Second PSSM model - uses PWM of denovo motif (first result in Homer findMotifs, when running on positive vs. negative data): for simulated_data project: python3 /PSSM_straw_man_model/straw_man_model.py simulated_data_denovo <normal_sigma> for other projects: python3 /PSSM_straw_man_model/straw_man_model.py <project_name>

for example, python3 /PSSM_straw_man_model/straw_man_model.py simulated_data_CEBPA_JASPAR normal_40 python3 /PSSM_straw_man_model/straw_man_model.py simulated_data_denovo normal_40


The code shown below was used to generate the figures in the paper [1]

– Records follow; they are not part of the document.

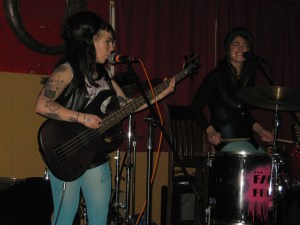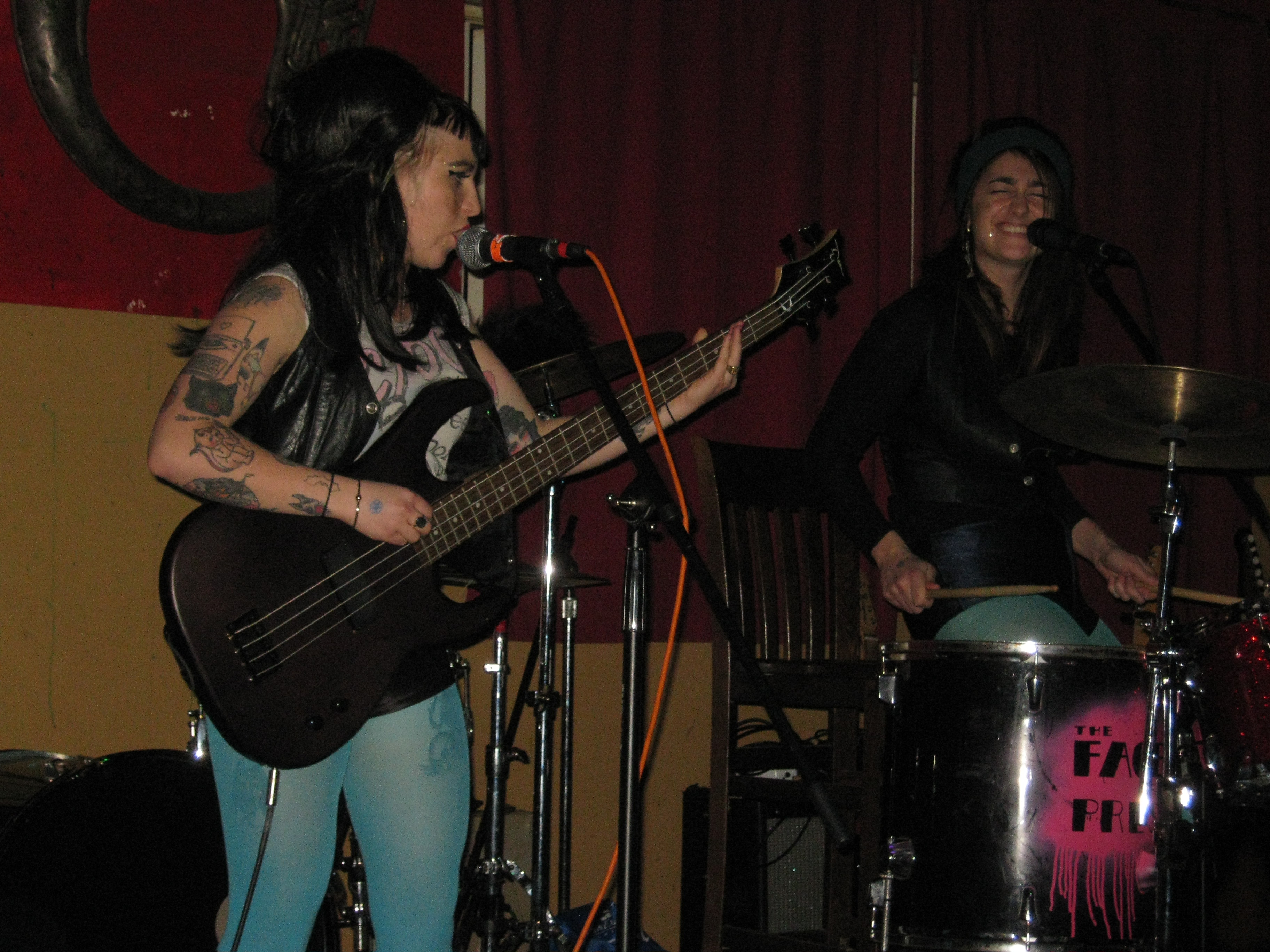 Act I: The Electric Street Queens– I have seen countless two pieces in my day, but I don’t think I’ve ever seen a two piece consisting of two ladies. I’ve seen two dudes, one dude and one dudette, but never two dudettes. Electric Street Queens, where have you been all of my life?! Electric Street Queens is Melanie Bernier ( also of Fagettes- I admired her drumming in the past) on drums and vocals and Coco Roy on bass and vocals, so basically the greatest duo of all time. Simon & Garfunkel ain’t got shit on you! This is some real good shit, don’t walk away…. if I could hold a live LP from these gals in the palm of my hand, I’d be a happy man. But, for now I have to cherish the moment. And indeed it was a great moment. Like The Coathangers, but better and sassier. Simple, stripped down songs- very catchy, fun, playful/nasty sense of humor. I can relate to that, being a sick bastard myself. They don’t seem to take themselves too seriously, which is always refreshing to see. Like I said, funny songs about beefcakes and bruises, puke and scum, you know the usual Thanksgiving family dinner convo. There is also plenty of in between song banter, such as cracking jokes about diapers and other sexualized comments that I love to hear. The band’s closer “Doncha Want To Work At The Brewery” is an amusing, macho, testosterone drippin’ anthem that demands the universal question stated in the title. During the song, Coco makes her way out to the crowd, rockin’ right up against KLYAM’s very own Glen! I’m sure he’s now looking for employment in one of our local breweries.
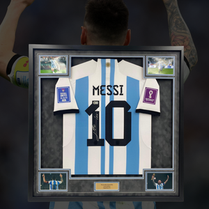 This shirt is more than a signature — it’s a symbol of destiny fulfilled. From the streets of Rosario to the global stage in Qatar, Lionel Messi’s journey is now etched in history — and this framed shirt lets you bring that moment home.
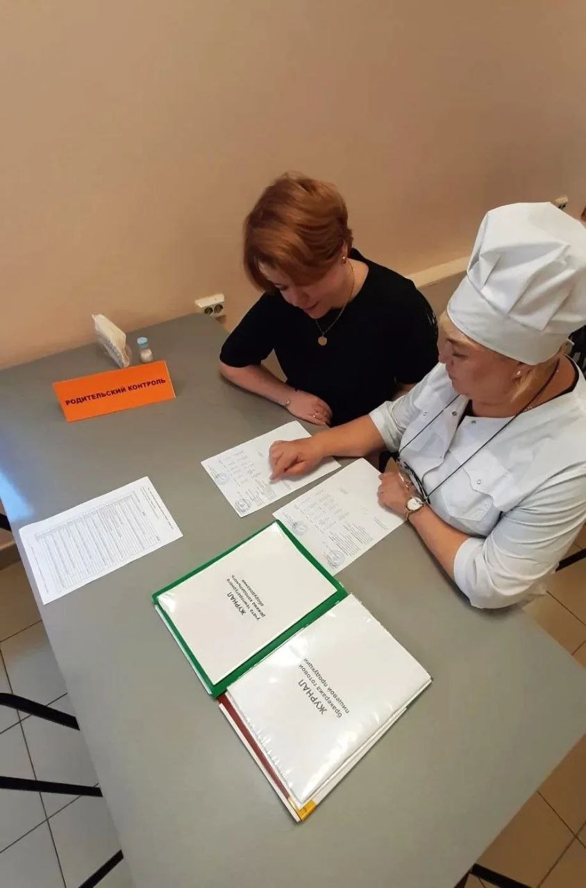 Она проверила качество организации питания в соответствии с чек-листом общественного родительского контроля: ученики соблюдают правила личной гигиены, имеются условия для мытья, дезинфекции рук; санитарно-техническое состояние обеденного зала нормальное (посуда без сколов, обеденные столы чистые, без видимых повреждений, насекомые не обнаружены, имеются условия для реализации буфетной продукции), имеется график приема пищи, вывешено ежедневное меню, выставлено контрольное блюдо. В меню отсутствуют запрещённые продукты. От всех партий приготовляемых блюд снимается бракераж. Имеется журнал бракеража, заполненный на 08.04.2026. Состояние спецодежды у сотрудников столовой хорошее, имеются маски, одноразовые перчатки, в столовой чисто, уютно, работники столовой приветливы. Обеденные столы моются горячей водой после приема пищи каждым классом.

Figure2: python3 /roc_comparison.py simulated_data_CEBPA_JASPAR <normal_sigma> for example, python3 /roc_comparison.py simulated_data_CEBPA_JASPAR normal_40

Figure3 and supp.Figure3: For TF projects: python3 /CNN/display_heatmap_TF.py <project_name> [<k>]

for example: python3 /CNN/display_heatmap_TF.py TF_vs_negative_data python3 /CNN/display_heatmap_TF.py TF_vs_k_shuffle <k> and similarly for enhancer projects: python3 /CNN/display_heatmap_enhancer.py H3K27ac_vs_negative_data python3 /CNN/display_heatmap_enhancer.py H3K27ac_vs_k_shuffle <k>

Figure5: python3 /CNN/display_k_graph_different_models.py TF_vs_k_shuffle negative_data_vs_k_shuffle H3K27ac_vs_k_shuffle


This package was developed by Dikla Cohn, as part of work on the paper [1]. Please cite this paper if using the package


[1] "Enhancer Identification using Transfer and Adversarial Deep Learning of DNA Sequences" D. Cohn, O. Zuk and T. Kaplan (Biorxiv, 2018)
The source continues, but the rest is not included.